2026 film by Tomoaki Koshida

 is a 2026 Japanese animated supernatural psychological horror film directed by Tomoaki Koshida with chief direction by Kenji Nakamura and written by Yasumi Atarashi; the film is based on the Mononoke anime television series (2007), which in turn is a spin-off of Ayakashi: Samurai Horror Tales anthology series (2006), both created by Toei Animation. Co-produced by EOTA and Studio Kafka and distributed by Twin Engine, The Curse of the Serpent is a sequel to The Ashes of Rage (2025), as well as the final film of the Mononoke trilogy film project. Hiroshi Kamiya reprises his role as the Medicine Seller, alongside Haruka Tomatsu, Tomoyo Kurosawa, Yoko Hikasa, Yukana, Miyu Irino, Kenjiro Tsuda, Yoshiko Sakakibara, and Atsumi Tanezaki, with Miyuki Sawashiro, Fumi Hirano, Mariko Honda and Eiji Takemoto joining the ensemble cast. The Curse of the Serpent was released in Japan on May 29, 2026.

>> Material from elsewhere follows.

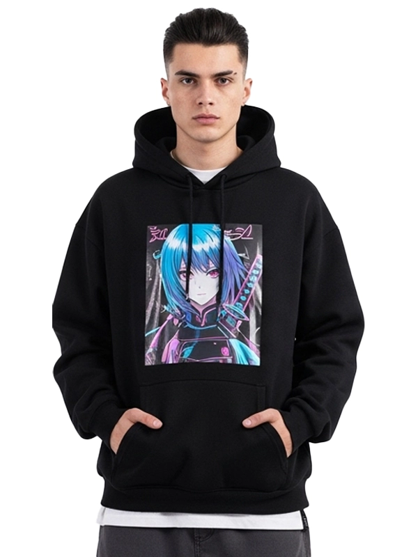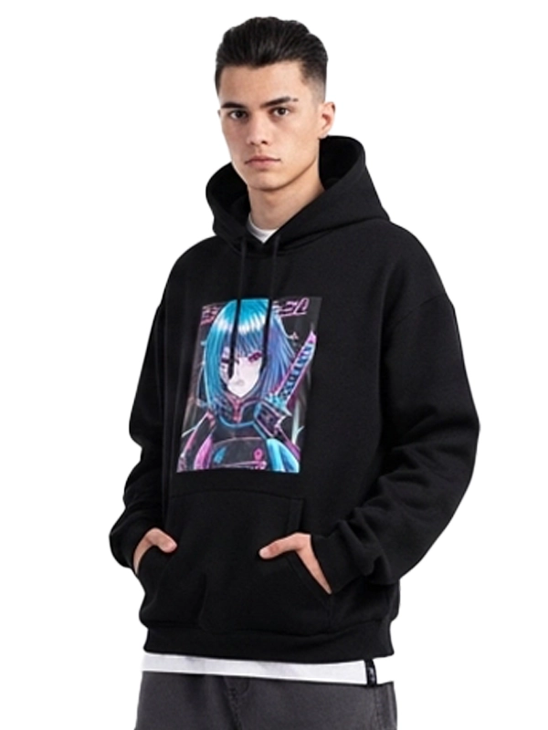 - Sleek & Stylish Design The bold graphic print on the front makes this hoodie stand out. This black fleece is a must-have. It lets you make a fashion statement while staying comfy.

Netflix licensed the film, and is set to stream on its platform on September 29, 2026.

==Plot==
After the major two incidents, (Note: As depicted in Phantom in the Rain (2024) and The Ashes of Rage (2025)) the Medicine Seller still feels an ominous presence within the inner palace. He then faces against a Snake God, which threatens the Inner Chambers by strangling maids to their deaths.

==Voice cast==

| Character | Japanese |
|---|---|
| Medicine Seller | Hiroshi Kamiya |
| "Ri" Medicine Seller | Takahiro Sakurai |
| Botan Ōtomo | Haruka Tomatsu |
| Asa | Tomoyo Kurosawa |
| Tenshi (Emperor) | Miyu Irino |
| Hokuto Mozorogi | Kenjiro Tsuda |
| Fuki Tokita | Yoko Hikasa |
| Suikoin | Yoshiko Sakakibara |
| Sachiko | Atsumi Tanezaki |
| Third Emperess | Miyuki Sawashiro |
| Tokiwai | Fumi Hirano |
| Kawa | Mariko Honda |
| Amanotsubone | Yukana |
| Saku Mizorogi | Eiji Takemoto |

==Production==
In March 2025, the third and final film for the Mononoke anime trilogy film was announced, with its title reveal, The Curse of the Serpent. In December of that year, it was announced that Miyuki Sawashiro, Fumi Hirano and Mariko Honda have been cast, with the returning key staff members, while Tomoaki Koshida will direct the film, and Studio Kafka will co-produce the film with EOTA. In April 2026, it was announced that Eiji Takemoto was cast, while Yukana will return to voice a new character, and the theme song for the film is "No Epilogue" by Aina The End.

==Release==
The film was released in Japan on May 29, 2026. In August 2026, Netflix acquired the international distribution rights for the film, and is set to stream on its platform on September 29, 2026.

==Reception==
===Critical reception===
Richard Eisenbeis of Anime News Network gave the film an A− rating, and stated "The Curse of the Serpent is a fantastic capstone to the trilogy. It's visually stunning, musically strong, filled with supernatural mystery and action, and continues to highlight the plight against women in feudal Japanese society."

==Controversy==
===Return of Takahiro Sakurai===
In February 2023, it was announced that the voice of the Medicine Seller was recast to Hiroshi Kamiya for the Phantom in the Rain after Takahiro Sakurai, who voiced the role for the television series, whose scandal came to light around that year. However, The Curse of the Serpent featured Sakurai reprising his version of the character in the climax of the film. Producer Kōji Yamamoto apologized to the fans after their mixed reactions, and later retired his position as a producer.